*** Opening Recorded data ***

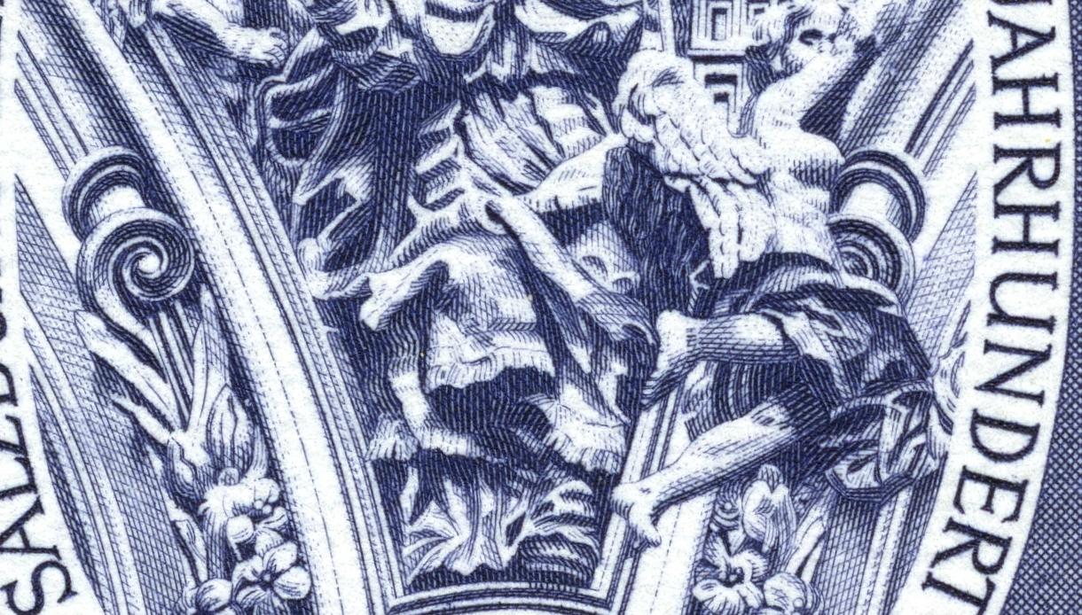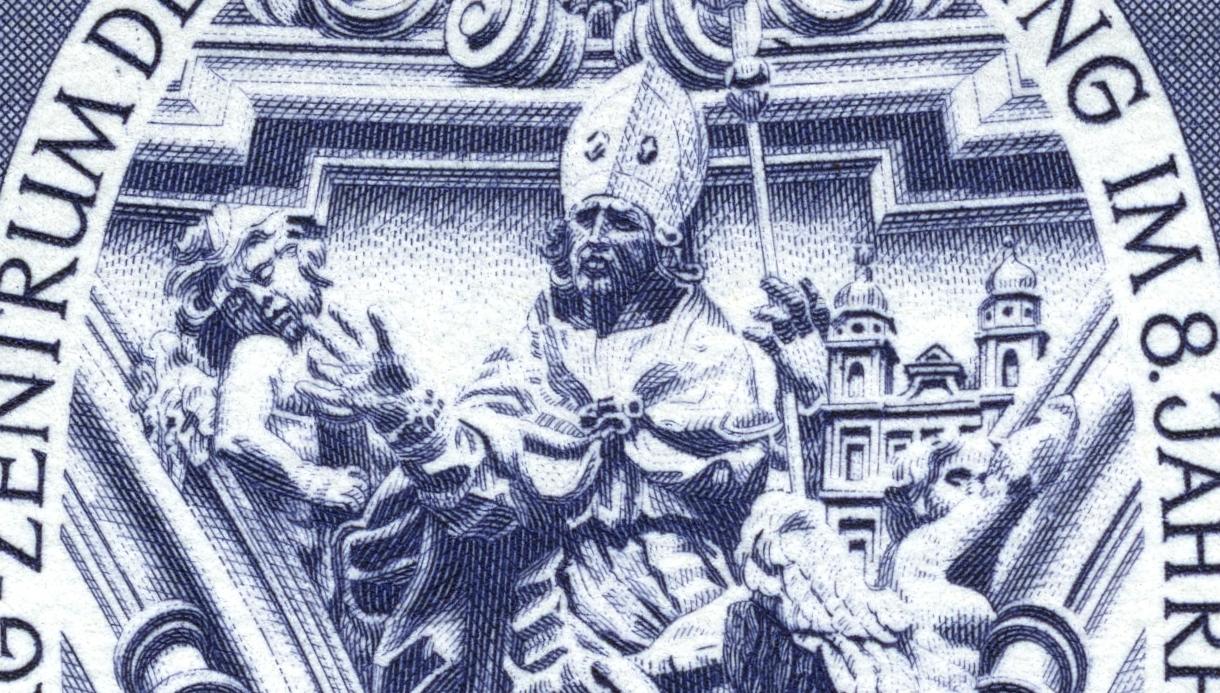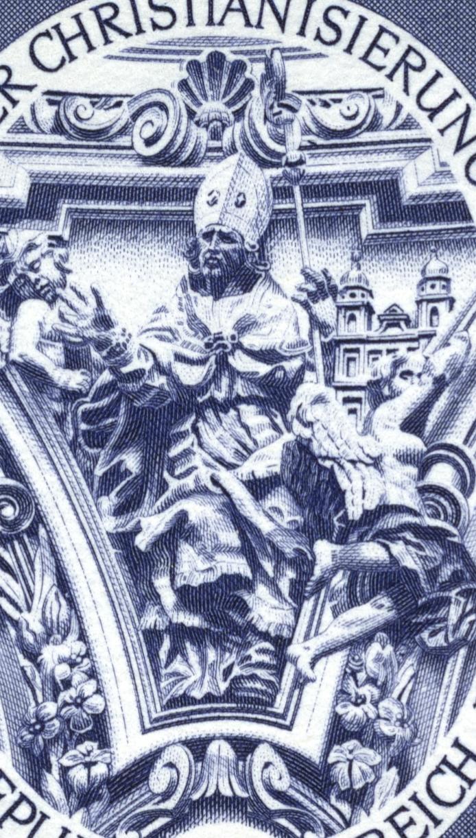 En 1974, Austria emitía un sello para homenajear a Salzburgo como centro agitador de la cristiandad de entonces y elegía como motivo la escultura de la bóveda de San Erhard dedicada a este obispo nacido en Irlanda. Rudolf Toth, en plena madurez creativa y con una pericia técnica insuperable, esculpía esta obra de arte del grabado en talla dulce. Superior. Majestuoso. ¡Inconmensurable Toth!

*** Closing Recorded data ***
*** Opening Recorded data ***

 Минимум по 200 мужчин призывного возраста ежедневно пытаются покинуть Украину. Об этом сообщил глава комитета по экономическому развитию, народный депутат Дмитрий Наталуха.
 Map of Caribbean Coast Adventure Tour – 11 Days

*** Closing Recorded data ***

Within the listing above, locate the line containing "Минимум по 200" and the line containing "Map of Caribbean". Reproduce those two lines and all lines between them exactly, with nothing added.

 Минимум по 200 мужчин призывного возраста ежедневно пытаются покинуть Украину. Об этом сообщил глава комитета по экономическому развитию, народный депутат Дмитрий Наталуха.
 Map of Caribbean Coast Adventure Tour – 11 Days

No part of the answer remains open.